I think it is completely appropriate that as we dive into our 100th episode, we talk about persistence. Persistence is a skill that comes in real handy when you are trying to make permanent changes because change takes some time. In today’s episode I’m going to give you some tips for staying persistent while giving you a sneak peak into my life and what persistence looks like for me.
***Weight Loss from the Soul***
If you are a busy lady who really wants to make progress in her health and weight loss goals, I open up my program three times a year. We dive into an incredible 12-week journey that helps you learn and implement physical, mental, and emotional habit changes so that you can gain momentum and stay in charge. All my program graduates then have life-time access to the course. Get weekly coaching, daily encouragement and accountability while learning how to lose weight for the very last time.
According to the Oxford Dictionary, Persistence is a firm or obstinate continuance in a course of action in spite of difficulty or opposition
In other words, persistence means you keep going, even when it is hard.

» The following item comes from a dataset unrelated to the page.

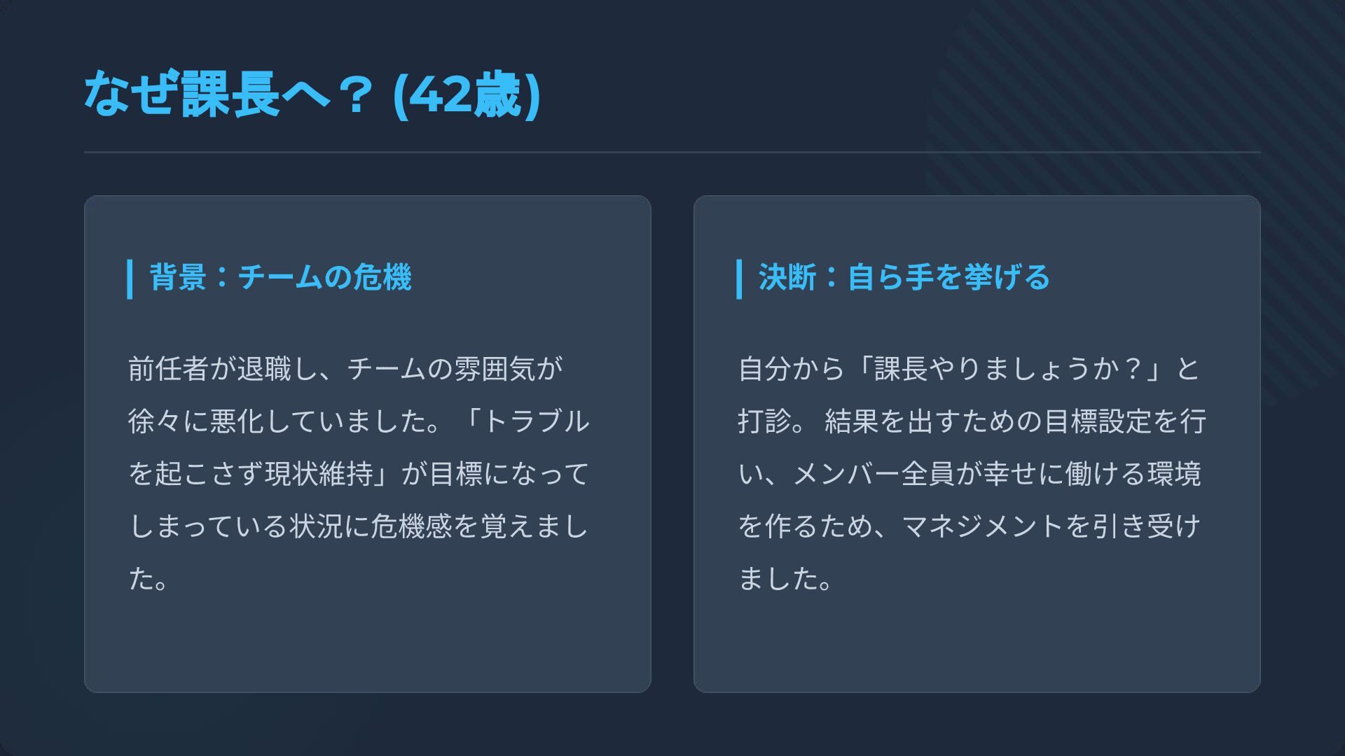 い、メンバー全員が幸せに働ける環境 を作るため、マネジメントを引き受け ました。 なぜ課長へ? (42歳)

This summer I started a new journey in my prayer life. Last semester things got crazy at school, and that is an understatement. Like so many of us do, I started to let some of my self-care practices fall to the side, feeling short of time and short on energy. At the top of this list was my exercise and daily journaling. As the school year came to a close I felt more frazzled than ever.

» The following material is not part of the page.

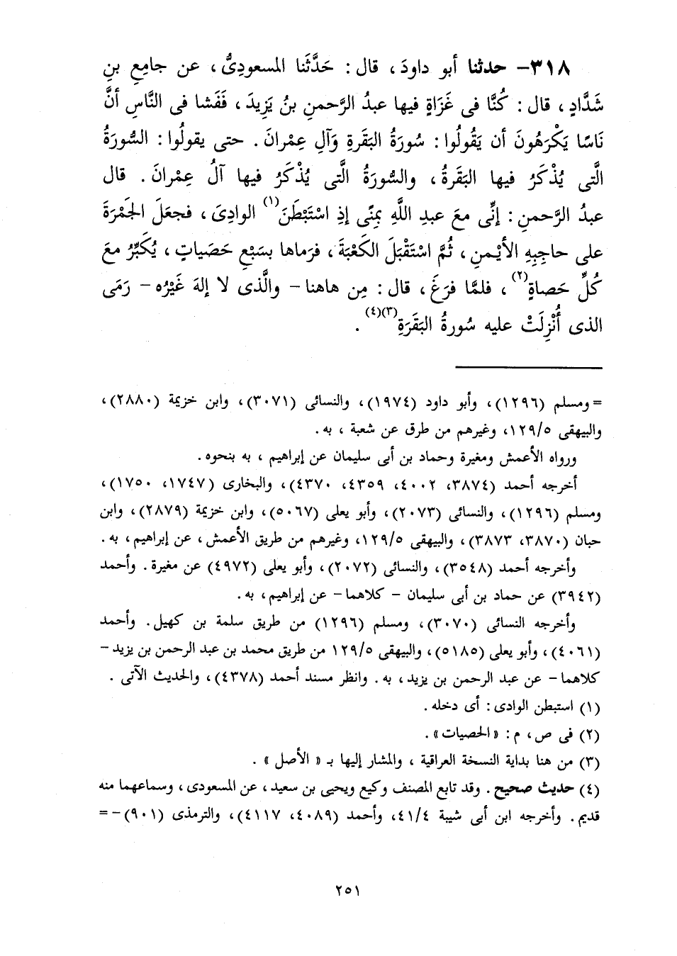 318 - حَدَّثَنَا أَبُو دَاوُدَ قَالَ: حَدَّثَنَا الْمَسْعُودِيُّ، عَنْ جَامِعِ بْنِ شَدَّادٍ، قَالَ: كُنَّا فِي غَزَاةٍ فِيهَا عَبْدُ الرَّحْمَنِ بْنُ يَزِيدَ، فَفَشَا فِي النَّاسِ أَنَّ نَاسًا يَكْرَهُونَ أَنْ يَقُولُوا: سُورَةُ الْبَقَرَةِ، وَآلِ عِمْرَانَ حَتَّى يَقُولُوا: السُّورَةُ الَّتِي يُذْكَرُ فِيهَا الْبَقَرَةُ وَالسُّورَةُ الَّتِي يُذْكَرُ فِيهَا آلُ عِمْرَانَ، قَالَ عَبْدُ الرَّحْمَنِ: إِنِّي مَعَ عَبْدِ اللَّهِ بِمِنًى إِذِ اسْتَبْطَنَ الْوَادِيَ، فَجَعَلَ الْجَمْرَةَ عَلَى حَاجِبِهِ الْأَيْمَنِ، ثُمَّ اسْتَقْبَلَ الْكَعْبَةَ فَرَمَاهَا بِسَبْعِ حَصَيَاتٍ، يُكَبِّرُ مَعَ كُلِّ حَصَاةٍ، فَلَمَّا فَرَغَ قَالَ: «مِنْ هَا هُنَا وَالَّذِي لَا إِلَهَ غَيْرُهُ §رَمَى الَّذِي أُنْزِلَتْ عَلَيْهِ سُورَةُ الْبَقَرَةِ»

I hated feeling this way. I was exhausted and had a shorter fuse than normal with my family. I was desperate to feel peace and guidance from the Lord that I knew would fuel my life. So, I love studying my Bible, but I’m a terrible prayer warrior. I like to use my brain more than my heart, and I often just skipped prayer more than a simple greeting of God in the morning. God totally put it on my heart that so much of my frustration and anxiety would ease if I learned to lean on Him and invest in prayer.
So I did. And, spoiler alert, it has flowed into every other area of my life. I have more peace and energy as I trust in God instead of trying to do everything in my own strength. I even started investing more time into my physical and emotional health, realizing that I am loved and God holds my life in His hands.
If you haven’t thought about adding a strong prayer life to your weight loss journey, I highly encourage you to consider it.
However, as you can imagine, it has been a little difficult to stay persistent in prayer. When I start my days, my mind immediately offers me a dozen other things that it feels are way more important. And, sometimes my responsibilities as a mom and wife clash with my desire to spend quality time with God. I have learned to be persistent by following these three steps. As I go through them, I want you to consider how you can apply this to just one habit in your weight loss journey. As an example, this might be planning your food everyday, drinking enough water, daily movement, or logging your food.
#1: Know Your Why: Something will always come up to get in the way of your good intentions. It might be an emergency, a temptation, or a relationship that makes your follow through difficult. That is why you have to be very clear about WHY this habit is so important to you. If not, those other things will naturally be prioritized or you’ll be guilted into doing whatever you think everyone else needs or wants you to do. For example, if you have committed not to eating unless you are physically hungry so that you can honor your body, then you might cave if feel tempted by a treat that is brought into the office. However, if you know why honoring your body is important for your health and weight loss progress and remind yourself of that truth, you will have strength to persevere even if those cupcakes look amazing.
#2: Evaluate the Process: Sometimes things don’t work. You can set yourself up for failure thinking you have to do your new habit in a certain way or at a certain time, without attempting to figure out what really works best for your life and family. For example, you might decide that working out first thing in the morning is the best time to get in some exercise. But, in a single week, your baby needs to eat or be changed at that time and you have no way to get in some movement before the rest of the family is up and you’re on duty. Instead of giving up, you evaluate your process and realize that naptime or the evening is a better time for exercise and try that instead.
#3: Celebrate Progress: I can’t say this enough, you have to be celebrating your progress. So many of the things we do for our health aren’t seen by another human being. We have to learn to celebrate ourselves along the way. In weight maintenance, progress looks like consistency in habits instead of a downward trend on the scale, so I literally set habit streak goals, buy, and wrap my own little gifts to reward myself when I reach that streak. It is fun and it helps me stay motivated even when nobody knows what I’m doing except me.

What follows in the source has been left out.